> [Stored data]
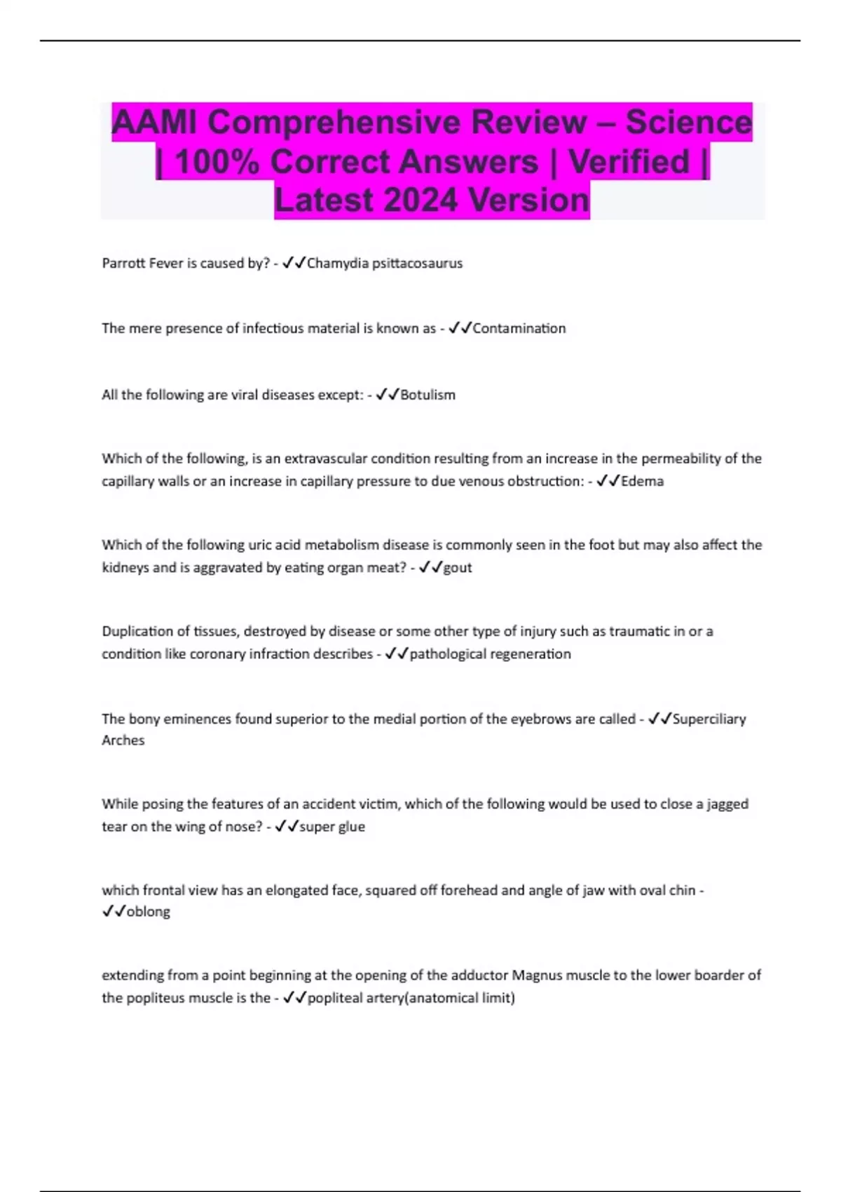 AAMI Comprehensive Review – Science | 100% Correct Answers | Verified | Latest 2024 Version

* * *

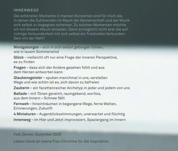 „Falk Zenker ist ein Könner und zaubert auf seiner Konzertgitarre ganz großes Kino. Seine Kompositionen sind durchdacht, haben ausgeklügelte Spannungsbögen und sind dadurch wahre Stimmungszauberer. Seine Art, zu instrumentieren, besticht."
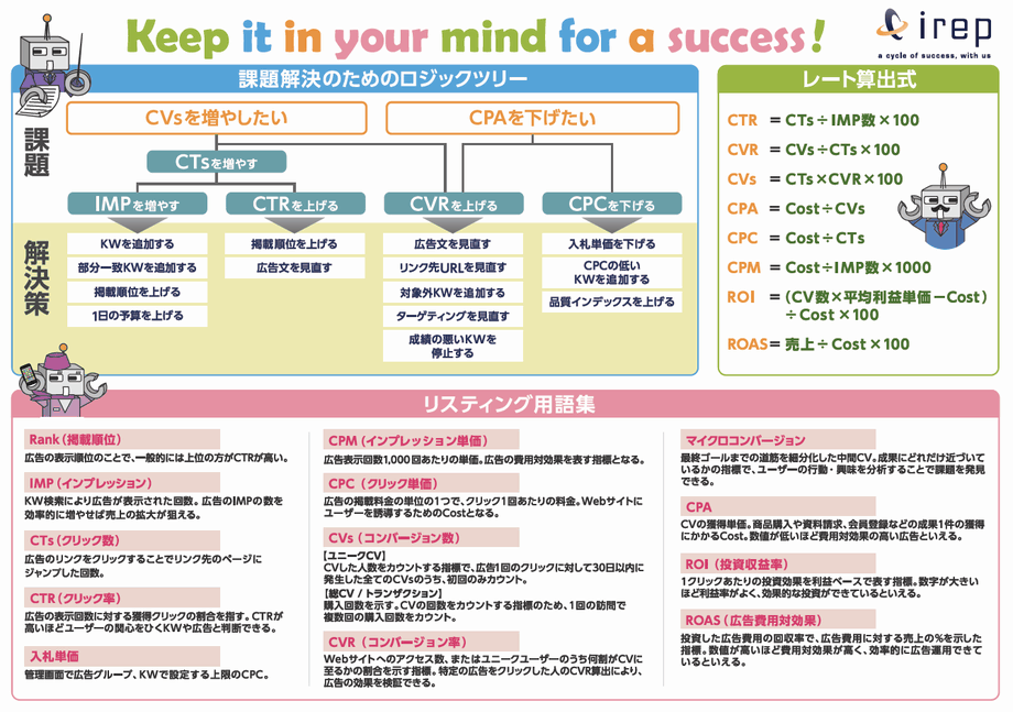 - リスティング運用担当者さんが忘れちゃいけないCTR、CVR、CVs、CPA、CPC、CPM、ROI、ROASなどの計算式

* * *

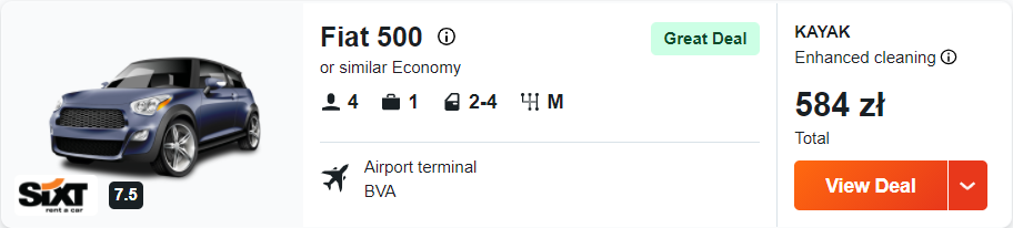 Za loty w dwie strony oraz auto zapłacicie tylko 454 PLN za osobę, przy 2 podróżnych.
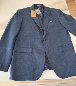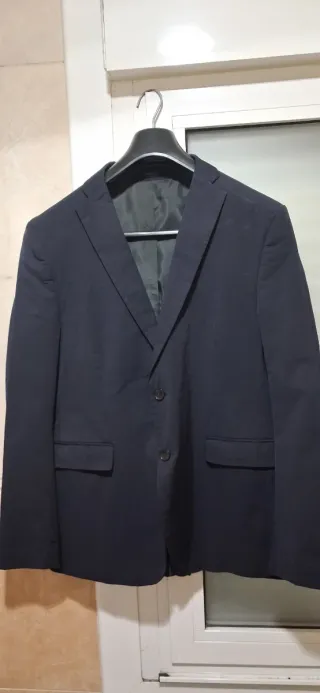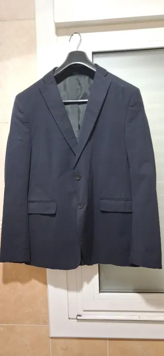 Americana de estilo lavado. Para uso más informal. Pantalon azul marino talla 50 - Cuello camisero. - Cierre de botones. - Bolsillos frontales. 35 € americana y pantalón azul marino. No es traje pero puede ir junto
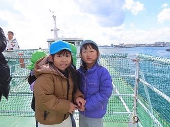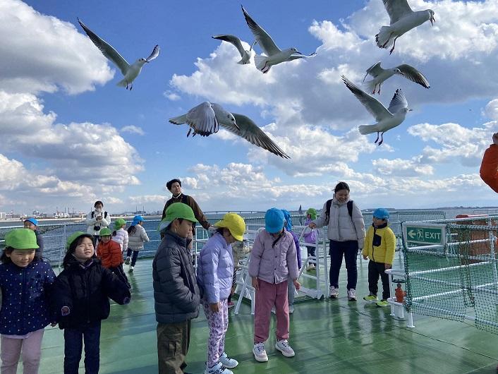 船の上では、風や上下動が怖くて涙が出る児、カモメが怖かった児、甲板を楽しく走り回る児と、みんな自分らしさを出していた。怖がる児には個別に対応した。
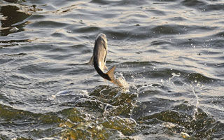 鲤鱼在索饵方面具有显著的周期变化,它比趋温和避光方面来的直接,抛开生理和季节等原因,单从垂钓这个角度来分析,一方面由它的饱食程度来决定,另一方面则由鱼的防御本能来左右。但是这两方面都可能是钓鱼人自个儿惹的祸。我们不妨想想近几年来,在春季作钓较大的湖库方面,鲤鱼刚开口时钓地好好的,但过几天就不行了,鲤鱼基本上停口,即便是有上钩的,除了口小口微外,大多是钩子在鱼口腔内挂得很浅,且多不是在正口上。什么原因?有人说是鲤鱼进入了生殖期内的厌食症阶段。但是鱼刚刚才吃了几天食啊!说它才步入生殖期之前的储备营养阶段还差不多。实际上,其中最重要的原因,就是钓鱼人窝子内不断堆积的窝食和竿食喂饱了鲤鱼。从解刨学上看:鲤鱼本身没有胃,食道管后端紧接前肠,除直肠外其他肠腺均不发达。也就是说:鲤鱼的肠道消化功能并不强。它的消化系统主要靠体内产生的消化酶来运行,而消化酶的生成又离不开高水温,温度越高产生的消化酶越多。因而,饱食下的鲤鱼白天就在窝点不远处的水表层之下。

> [Exercise description] Between and including the line above that contains "Americana de estilo" and the line that contains "鲤鱼在索饵方面具有显著的周期", restate every line word for word. Pictures stay out.

> [Task output]
 Americana de estilo lavado. Para uso más informal. Pantalon azul marino talla 50 - Cuello camisero. - Cierre de botones. - Bolsillos frontales. 35 € americana y pantalón azul marino. No es traje pero puede ir junto
 船の上では、風や上下動が怖くて涙が出る児、カモメが怖かった児、甲板を楽しく走り回る児と、みんな自分らしさを出していた。怖がる児には個別に対応した。
 鲤鱼在索饵方面具有显著的周期变化,它比趋温和避光方面来的直接,抛开生理和季节等原因,单从垂钓这个角度来分析,一方面由它的饱食程度来决定,另一方面则由鱼的防御本能来左右。但是这两方面都可能是钓鱼人自个儿惹的祸。我们不妨想想近几年来,在春季作钓较大的湖库方面,鲤鱼刚开口时钓地好好的,但过几天就不行了,鲤鱼基本上停口,即便是有上钩的,除了口小口微外,大多是钩子在鱼口腔内挂得很浅,且多不是在正口上。什么原因?有人说是鲤鱼进入了生殖期内的厌食症阶段。但是鱼刚刚才吃了几天食啊!说它才步入生殖期之前的储备营养阶段还差不多。实际上,其中最重要的原因,就是钓鱼人窝子内不断堆积的窝食和竿食喂饱了鲤鱼。从解刨学上看:鲤鱼本身没有胃,食道管后端紧接前肠,除直肠外其他肠腺均不发达。也就是说:鲤鱼的肠道消化功能并不强。它的消化系统主要靠体内产生的消化酶来运行,而消化酶的生成又离不开高水温,温度越高产生的消化酶越多。因而,饱食下的鲤鱼白天就在窝点不远处的水表层之下。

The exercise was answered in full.